Dear Simon,
If I understand it correctly you need to export three separate peak lists,
one for each conformation. Is that correct? If it is, I would recommend:
1) make three different chains of the same peptide within a single
MolSystem.
2) Assign the peaks for each conformation, using a separate chain in a
spearate peak list for each.
3) Export the peak lists one by one.
If most of the peaks are the same in the three states, you could pick the
comon peaks first and then use the [Copy Peaks] button in M:Peak->Peak
Lists {Peak Lists}. If there are still problems a small script might fix
them.
This is for the record. Hopefully Dans program will do the whole thing in
a simper way.
Yours,
Rasmus
---------------------------------------------------------------------------
Dr. Rasmus H. Fogh Email: [log in to unmask]
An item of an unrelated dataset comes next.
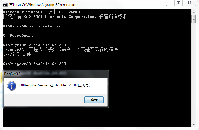 2、在命令行窗口中输入 regsvr32 dsofile_64.dll ,然后回车,会提示注册成功。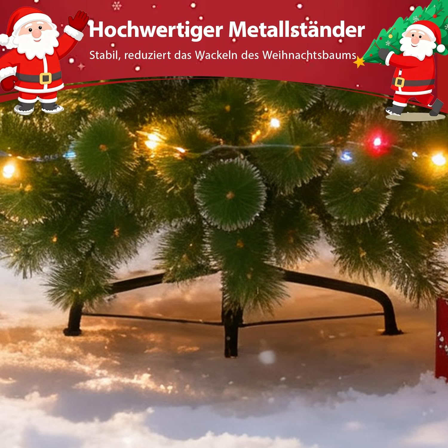 - Der Tannenbaum sieht immer frisch und schön aus. Die robuste Baumbasis bietet Stabilität, um Ihren Baum hoch zu halten und Brüche zu vermeiden, damit Ihr Baum die ganze Saison über steht.

Dept. of Biochemistry, University of Cambridge,
80 Tennis Court Road, Cambridge CB2 1GA, UK. FAX (01223)766002
On Thu, 25 Nov 2010, S.P. Skinner wrote:
> Dear Rasmus,
>
> separate chains did not work because we could not export a peak list for each
> chain, only a complete peaklist into sparky, we could export the shifts, but
> not the assignments with them. This was the problem. Using 3 separate
> molecules gave a redundant resonances error. Regarding the science question
> that is at this point unknown and I cannot elaborate any further on that I am
> afraid.
>
> I will go with Dan's suggestion of peak separator for the moment and see if
> that works. That may circumvent the exportation issue.
>
> Simon
>
> On 11/25/2010 12:23 PM, Rasmus Fogh wrote:
>> Dear Simon,
>>
>> That makes sense. But could you tell me more about what happened when you
>> tried using a MolSystem with three different chains?
>>
>> The correct way to handle this would be a separate facility fo assigning a
>> given resonance to different frequencies in different states of the
>> molecule. That is not yet implemented, though it is in the data model and
>> somewhere on the TODO list. Meanwhile using separate chains is the best
>> workaround we have. We would hope that that worked, and would try to fix
>> any problems.
>>
>> Just as a matter of science rather than software: You are getting three
>> separate sets of signals from the Proline. How many other signals are
>> duplicated? And where would the third set come from? I remember Proline
>> cis/trans isomerism, but can not imagine how a single proline coudl have
>> three different conformations. Just curious.
>>
>> Yours,
>>
>> Rasmus
>>
>> ---------------------------------------------------------------------------
>> Dr. Rasmus H. Fogh Email: [log in to unmask]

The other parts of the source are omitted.